I'm interested in this sort of thing. What about a text chat group? This may be more comfortable for people who are not yet comfortable with Skype.


----------



## kisarose (Jun 23, 2013)

I'd be interested in this sort of thing as well. I tried joining a skype group before but it kind of fell apart.


----------



## Caedmon (Dec 14, 2003)

Wait, can you do group text chats on Skype? I'm not as tech savvy as I used to be...


----------



## kisarose (Jun 23, 2013)

Caedmon said:


> Wait, can you do group text chats on Skype? I'm not as tech savvy as I used to be...


Yes you can. Anyone can type anything or start a call if they are added to a Skype Group.


----------



## Caedmon (Dec 14, 2003)

Aha! Well then the Skype approach sounds promising as a format.

There was an eGroup previously active on SAS. Maybe we resurrect the idea with a new group?

I had some other ideas but I'm too sleepy to write them. 
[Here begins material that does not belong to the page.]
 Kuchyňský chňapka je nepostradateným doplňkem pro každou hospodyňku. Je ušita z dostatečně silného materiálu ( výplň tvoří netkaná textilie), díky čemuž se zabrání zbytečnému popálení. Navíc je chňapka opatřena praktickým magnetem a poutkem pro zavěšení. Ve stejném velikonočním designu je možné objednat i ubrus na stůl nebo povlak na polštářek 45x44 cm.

(BTW my wife just now dared me to write, "Laters, taters". So I'm going to. Hah!)


----------



## Caedmon (Dec 14, 2003)

Could we organize a weekly chat session? I don't know how to do Skype but I can figure it out I'm sure. 

I'm going to open an eGroup, I'll post the link in a bit. We can post threads there, set up Skype-ing or whichever chat program we use, and share ideas.

I'm excited!


----------



## meema (Mar 4, 2015)

I've have been always interested in joining a said group, I just haven't found one.


----------



## Trafalgar Law (Sep 7, 2014)

meema said:


> I've have been always interested in joining a said group, I just haven't found one.
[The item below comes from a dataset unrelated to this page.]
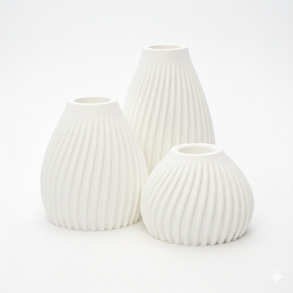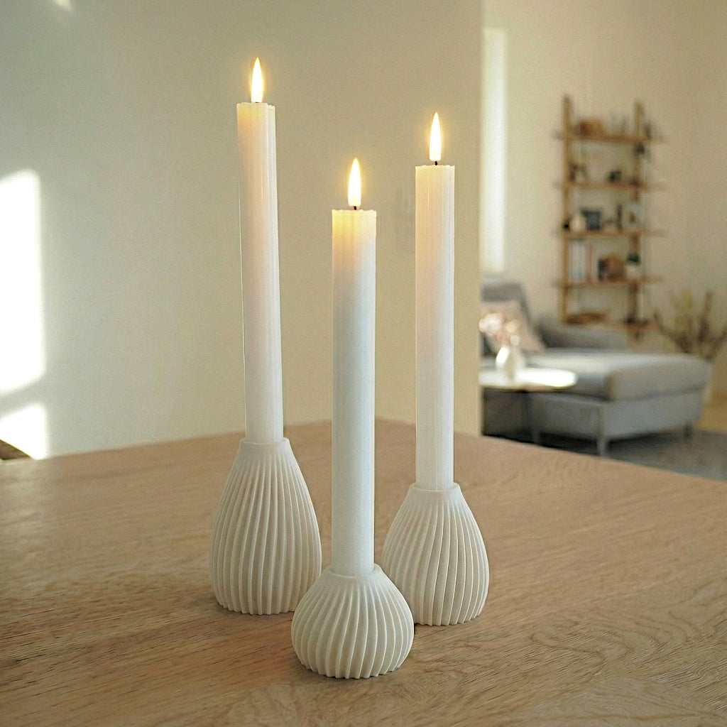 FLUTE lysestagesættet består af tre lysestager i forskellige højder med bløde, bølgende riller, der skaber et roligt og harmonisk udtryk. De er designet til LED kronelys og giver mulighed for at skabe hygge på både bord, hylde og vindueskarm. Brug dem samlet for et fuldendt designudtryk eller hver for sig for en let og enkel stemning i hjemmet.

Then we should make one! come on, OP, gimme yo skype name and i'll add ya'll.

mine is hellboundmurda


----------



## Caedmon (Dec 14, 2003)

I've started an eGroup called "Online Support for Social Anxiety":
http://www.socialanxietysupport.com/forum/groups/online-support-for-social-anxiety-ossa-3730/

Let's start to organize! Post your ideas on the eGroup for what you'd like.


----------



## ProfessionalGinger (Mar 31, 2015)

Hey everyone, I'm still trying to get this started. I have a few people who are interested, and I've managed to have some one-on-one conversations, but I'm still looking to get some more participants. Anyone interested send me a PM.


----------



## Jhp78 (May 9, 2015)

I'm interested. But don't be surprised if I totally bail (still working on that avoidance thing).


----------



## wrongguy (Jan 22, 2015)

I'm interested


----------